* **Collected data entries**

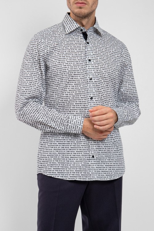 Мужская белая хлопковая рубашка Imaginationот Olymp (Олимп). Принт с надписью по всей поверхности, отложной воротник, застежка на пуговицы, манжеты на пуговицах, классическая длина. Замеры для размера 42: длина 78 см, полу обхват груди 58 см, полу обхват талии 52 см, длина рукава 67 см.
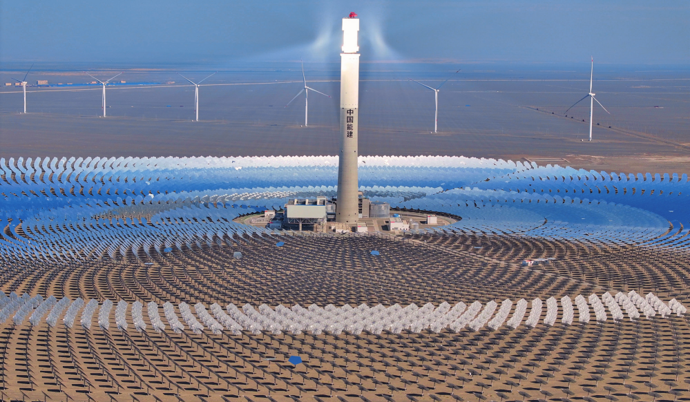 位于新疆哈密市伊吾县淖毛湖镇的国家光热示范项目——熔盐塔式50兆瓦光热发电站(2024年9月12日摄)胡虎虎摄/本刊
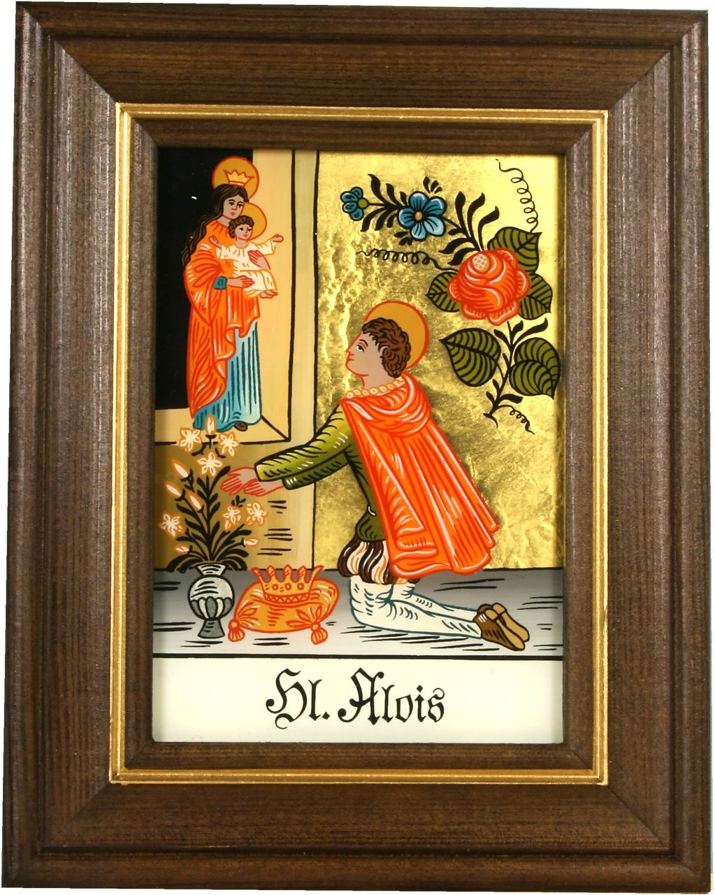Hinterglaswerkstätten - Hinterglasbild/Patronatsbild Hl. Alois mit braun
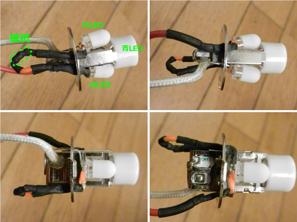 フォグ用H3ハロゲンをデイライト用のH3青LEDに変更する。青LEDだけではつまらないので、H3バルブを下記部品を使って白LEDで挟む加工をした。
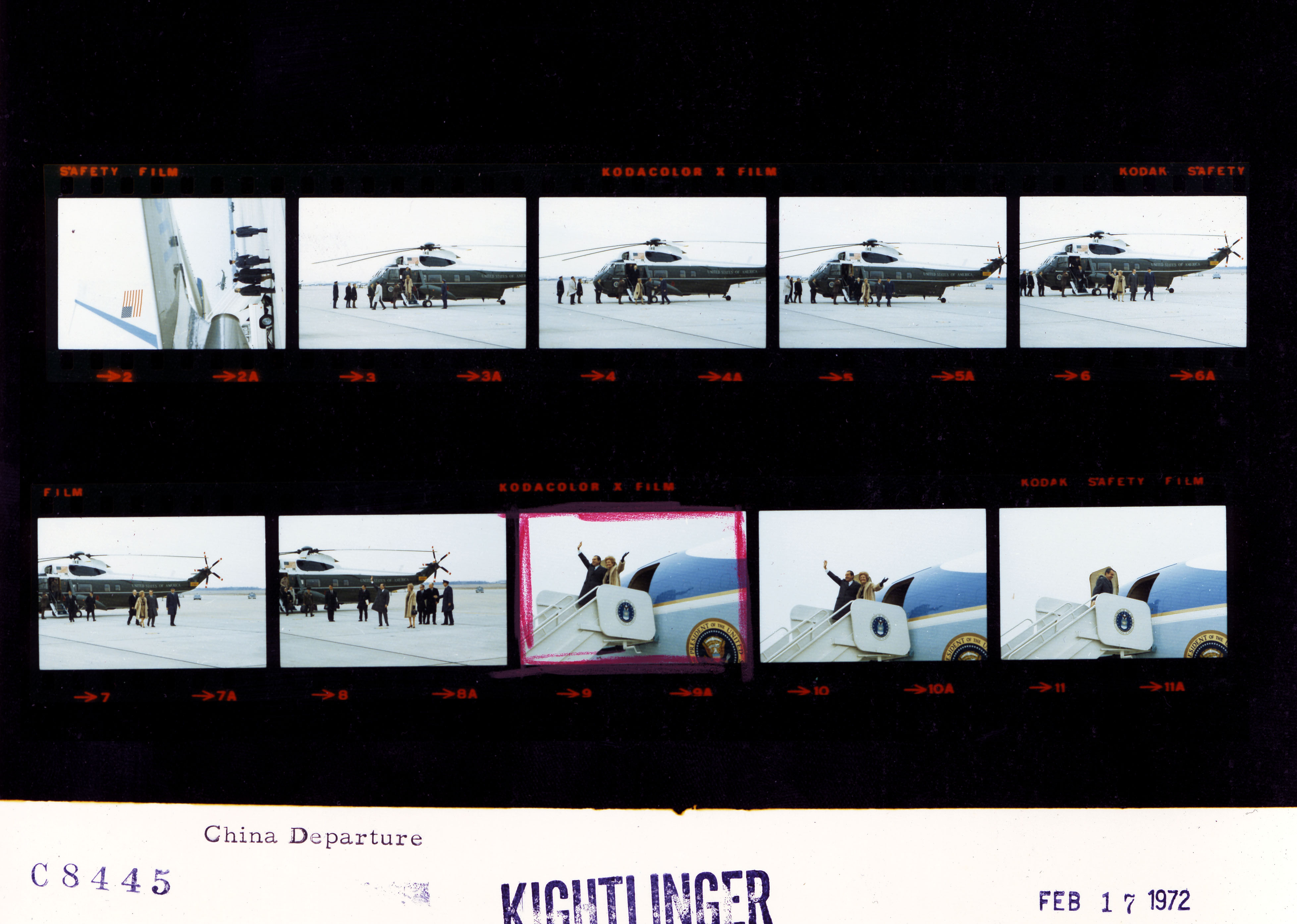 6. Mudd/Kalb: President Nixon leaves for China, departing White House lawn via helicopter for Andrews AFB. Time Code Start: 15:18. Keywords: Presidents, travel, trips, Nixon trips, international, People's Republic of China. Network: CBS.

* **WORK TO BE COMPLETED**
A picture must not appear in the copy. Transcribe exactly the lines from the one with "位于新疆哈密市伊吾县淖毛湖镇" through the final line of the entries, both included, and no more.

* **WRITTEN SOLUTION**
 位于新疆哈密市伊吾县淖毛湖镇的国家光热示范项目——熔盐塔式50兆瓦光热发电站(2024年9月12日摄)胡虎虎摄/本刊
Hinterglaswerkstätten - Hinterglasbild/Patronatsbild Hl. Alois mit braun
 フォグ用H3ハロゲンをデイライト用のH3青LEDに変更する。青LEDだけではつまらないので、H3バルブを下記部品を使って白LEDで挟む加工をした。
 6. Mudd/Kalb: President Nixon leaves for China, departing White House lawn via helicopter for Andrews AFB. Time Code Start: 15:18. Keywords: Presidents, travel, trips, Nixon trips, international, People's Republic of China. Network: CBS.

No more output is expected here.